Janji tanpa antre menjadi senjata untuk menyasar orang-orang yang ingin segera ke Tanah Suci dan tidak ingin menunggu lama. Pola seperti ini memanfaatkan harapan masyarakat, lalu mengarahkannya ke cara yang justru berisiko.
Jaringan diduga aktif sejak 2024
Pemeriksaan awal juga menunjukkan bahwa praktik ini bukan baru terjadi sesaat. Aparat menduga jaringan tersebut sudah menjalankan aksinya sejak 2024 dan terus mengatur keberangkatan secara berulang.
Selama periode itu, jaringan ini disebut telah mengatur pemberangkatan ilegal hingga 127 kali. Jumlah tersebut menunjukkan adanya aktivitas yang besar dan terorganisir, bukan kejadian yang berdiri sendiri.

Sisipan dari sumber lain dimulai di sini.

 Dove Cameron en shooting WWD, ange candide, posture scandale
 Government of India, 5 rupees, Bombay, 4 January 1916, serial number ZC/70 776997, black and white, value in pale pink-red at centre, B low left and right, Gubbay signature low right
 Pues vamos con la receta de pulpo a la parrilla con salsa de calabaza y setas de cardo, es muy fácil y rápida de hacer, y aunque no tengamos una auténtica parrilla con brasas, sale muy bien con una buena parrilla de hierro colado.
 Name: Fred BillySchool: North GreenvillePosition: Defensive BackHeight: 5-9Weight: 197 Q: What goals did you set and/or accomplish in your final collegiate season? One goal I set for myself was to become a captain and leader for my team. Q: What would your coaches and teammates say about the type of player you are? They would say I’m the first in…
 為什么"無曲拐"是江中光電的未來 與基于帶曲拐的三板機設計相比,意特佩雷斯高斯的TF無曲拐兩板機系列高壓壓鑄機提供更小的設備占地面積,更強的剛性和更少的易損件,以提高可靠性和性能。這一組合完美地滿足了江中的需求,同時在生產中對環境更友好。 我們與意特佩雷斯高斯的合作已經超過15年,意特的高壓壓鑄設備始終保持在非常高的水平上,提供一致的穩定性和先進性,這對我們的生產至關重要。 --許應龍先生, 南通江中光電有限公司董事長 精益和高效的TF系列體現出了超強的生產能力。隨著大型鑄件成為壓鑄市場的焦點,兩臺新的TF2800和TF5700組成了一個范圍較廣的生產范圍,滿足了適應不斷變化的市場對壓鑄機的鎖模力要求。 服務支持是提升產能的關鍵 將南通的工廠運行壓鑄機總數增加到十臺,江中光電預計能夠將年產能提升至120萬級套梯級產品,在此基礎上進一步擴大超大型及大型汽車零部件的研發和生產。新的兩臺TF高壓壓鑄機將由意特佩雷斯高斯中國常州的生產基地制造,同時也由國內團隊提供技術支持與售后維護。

Satu orang diduga mengatur dokumen
Dari delapan orang yang diamankan, satu di antaranya diduga memiliki peran khusus dalam pengelolaan administrasi. Sosok ini disebut menyiapkan dokumen dan visa yang dipakai untuk melancarkan keberangkatan calon jemaah.
Meski begitu, kepolisian belum mengungkap identitas para pelaku ke publik karena proses penyidikan masih berjalan. Aparat juga disebut akan memeriksa saksi serta pihak perusahaan yang diduga ikut terkait dalam jaringan tersebut.

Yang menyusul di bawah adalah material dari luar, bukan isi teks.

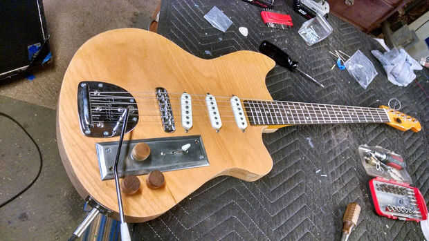 El primer video - y dónde proviene la mayoría de los cuadros en el Instructable - fue hechas de una puerta muy delgada y terminó por fracasar. Necesita un poco más Cruz de fuerza. Hice otro igual de un hueco mejor puerta (segundo vídeo) y acaba de terminar una versión de 6 cuerdas.
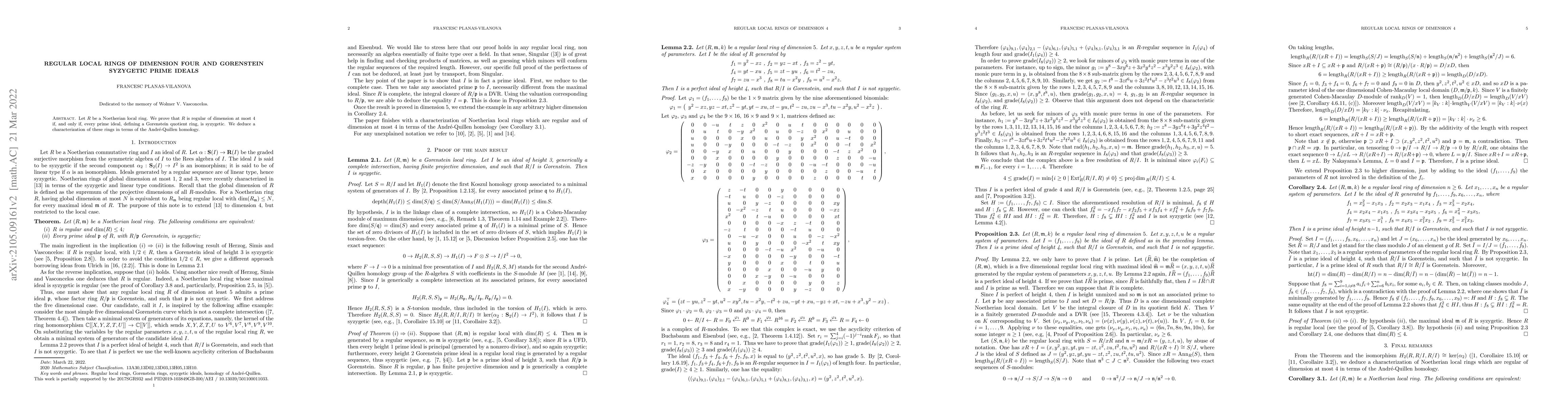 Let $R$ be a Noetherian local ring. We prove that $R$ is regular of dimension at most four if, and only if, every prime ideal, defining a Gorenstein quotient ring, is syzygetic. We deduce a characterization of these rings in terms of the Andr\'e-Quillen homology.

Kaitan dengan kasus lain masih didalami
Kasus ini juga dikaitkan dengan penanganan tiga warga negara Indonesia yang sebelumnya diproses aparat keamanan di Mekkah pada 28 April 2026. Namun hubungan antara peristiwa itu dan jaringan yang diungkap di Indonesia belum dipastikan.
Irhamni menyampaikan bahwa delapan orang yang digagalkan keberangkatannya masih berada di Indonesia. Sementara itu, informasi mengenai tiga orang di Arab Saudi masih dibahas bersama pihak terkait sebelum disampaikan lebih lanjut.
Penelusuran terhadap alur perekrutan, penggunaan dokumen, dan pihak-pihak pendukung terus dilakukan agar modus visa tenaga kerja tidak kembali dipakai untuk memberangkatkan jemaah secara ilegal. Kasus ini memperlihatkan bahwa celah haji ilegal masih terus dicoba oleh jaringan yang memanfaatkan keinginan masyarakat untuk berangkat lebih cepat.